+++ Recorded data +++

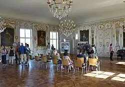 Ein kleiner mit Putten verzierter Vorraum führt in den Rokokosaal, das im Stile des Rokoko gehaltene ehemalige Tafelzimmer aus der Regierungszeit Bischof Josephs von Hessen-Darmstadt. Die dort in die Wandverkleidung integrierten acht Ölgemälde zeigen zeitgenössische fürstliche Personen, u. a. das damalige Kaiserpaar Franz I. und Maria Theresia. An der Stelle des Festsaales befand sich im Vorgängerbau der Raum des Augsburger Domkapitels, in dem am 25. Juni 1530 die Confessio Augustana, das „Augsburger Bekenntnis“ der lutherischen Protestanten, verkündet worden war.
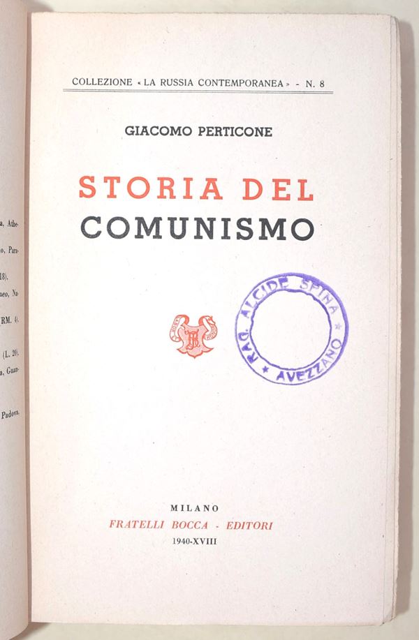 Perticone, G.: Storia del Comunismo, Fratelli Bocca, 1940-XVIII. Brossura.
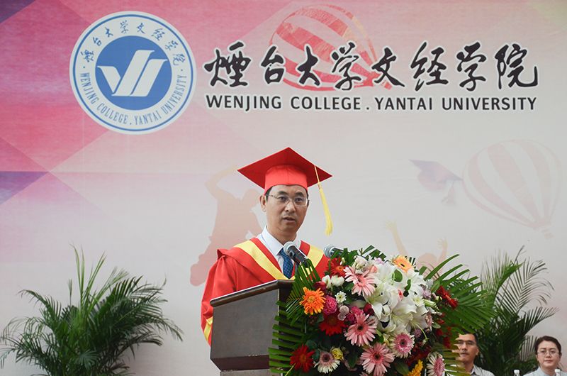 凤凰花开毕业季,骊歌声起话别离。6月19日,烟台大学文经学院2019届毕业生毕业典礼暨本科生学士学位授予仪式在大学生文体中心隆重举行。学院董事长辛军,执行董事曹世民,院领导于光辉、王来武、李荣梅、辛连军、尤敬法、莫红菊,各系及职能部门负责人出席典礼。党委书记唐家弘主持典礼。
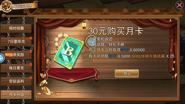 7、要是条件允许,不妨购买月卡或者永久卡,这样玩起来会更加舒适惬意。奶妈角色选择系统赠送的乔巴就好,应对PVE玩法的话,其奶量完全足够。每天坚持登录游戏,通过升星操作,乔巴自然能逐步升至满级。LR卡方面,累计登录30天会赠送白胡子,这个角色可以后期再进行培养。在前期,建议重点培养一个具有群体攻击能力的角色,以便更好地推进关卡。

+++

What you have to do: Restate the material above word for word, so that nothing changes except that the pictures are gone.

Output for this exercise:
 Ein kleiner mit Putten verzierter Vorraum führt in den Rokokosaal, das im Stile des Rokoko gehaltene ehemalige Tafelzimmer aus der Regierungszeit Bischof Josephs von Hessen-Darmstadt. Die dort in die Wandverkleidung integrierten acht Ölgemälde zeigen zeitgenössische fürstliche Personen, u. a. das damalige Kaiserpaar Franz I. und Maria Theresia. An der Stelle des Festsaales befand sich im Vorgängerbau der Raum des Augsburger Domkapitels, in dem am 25. Juni 1530 die Confessio Augustana, das „Augsburger Bekenntnis“ der lutherischen Protestanten, verkündet worden war.
 Perticone, G.: Storia del Comunismo, Fratelli Bocca, 1940-XVIII. Brossura.
 凤凰花开毕业季,骊歌声起话别离。6月19日,烟台大学文经学院2019届毕业生毕业典礼暨本科生学士学位授予仪式在大学生文体中心隆重举行。学院董事长辛军,执行董事曹世民,院领导于光辉、王来武、李荣梅、辛连军、尤敬法、莫红菊,各系及职能部门负责人出席典礼。党委书记唐家弘主持典礼。
 7、要是条件允许,不妨购买月卡或者永久卡,这样玩起来会更加舒适惬意。奶妈角色选择系统赠送的乔巴就好,应对PVE玩法的话,其奶量完全足够。每天坚持登录游戏,通过升星操作,乔巴自然能逐步升至满级。LR卡方面,累计登录30天会赠送白胡子,这个角色可以后期再进行培养。在前期,建议重点培养一个具有群体攻击能力的角色,以便更好地推进关卡。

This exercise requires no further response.